El monstruo es el miedo. Nuestro miedo. Lo monstruoso es como un vapor emanado por nuestro cuerpo que va tomando formas extrañas e imperfectas; o quizás sumamente perfectas: lo monstruoso es una categoría estética puramente estadística: lo define la mayoría.

Con fecha de 12 de Enero de 1959 Roon Grebelek anotaba en su cuaderno:

"Cuando estudio a los insectos, a las larvas, a los microbios... y me miro en el espejo, veo claramente hasta qué punto la perfección, la belleza, el canon estético y moral no son sino el resultado de una visión del mundo particular, segregadora y egocéntrica del ser humano. Si no consideramos que el modo en que un perro está conformado es monstruosa es sólo porque llevamos muchos siglos viéndolos a diario."
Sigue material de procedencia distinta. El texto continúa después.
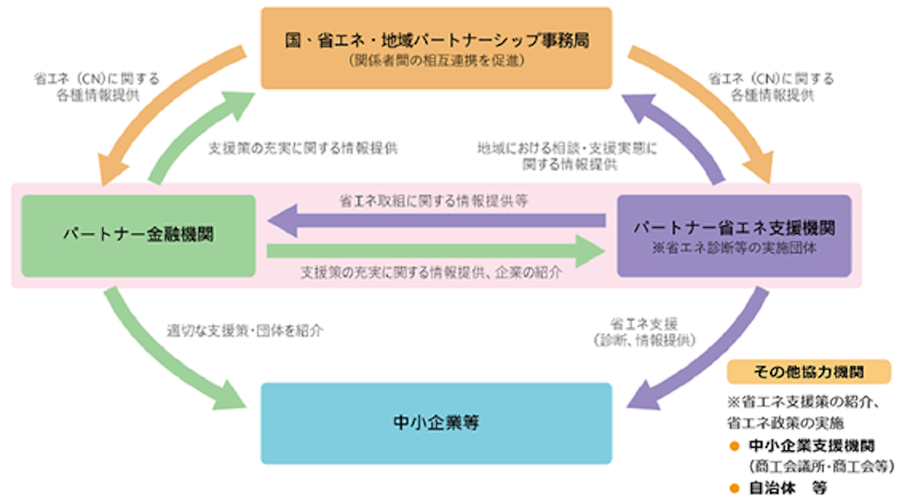- 各地域の中小企業等の省エネを支援する体制を構築するため、資源エネルギー庁が立ち上げた枠組みで、200を超える金融機関や省エネ支援機関※が、パートナー機関として参加しています。
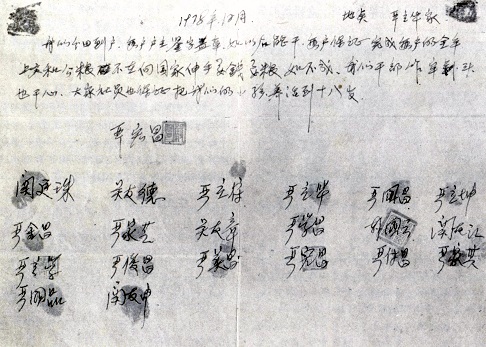 1978年12月,鳳陽縣小崗村18戶農民冒著政治風險,秘密在一份合同書上按下21個手印,自發搞起了“大包干”。圖為小崗村農民簽訂的合同書

El monstruo —el ficticio y el real: Nessy o un hombre nacido con dos cabezas— es la proyección del cerebro moral y limitado del hombre.

A continuación inserto un breve relato escrito por mí hace unos cuatro años; cometo la imprudencia de aprovecharme de mi propia y torpe prosa por el simple hecho de que hay cosas que, bien o mal, uno sólo es capaz de decirlas de determinado modo.



Tratado del miedo

Hay un anciano ante una senda vacía. Nadie regresa de la ciudad lejana; sólo el viento sobre las últimas huellas.

Yo soy la senda y el anciano, soy la ciudad y el viento.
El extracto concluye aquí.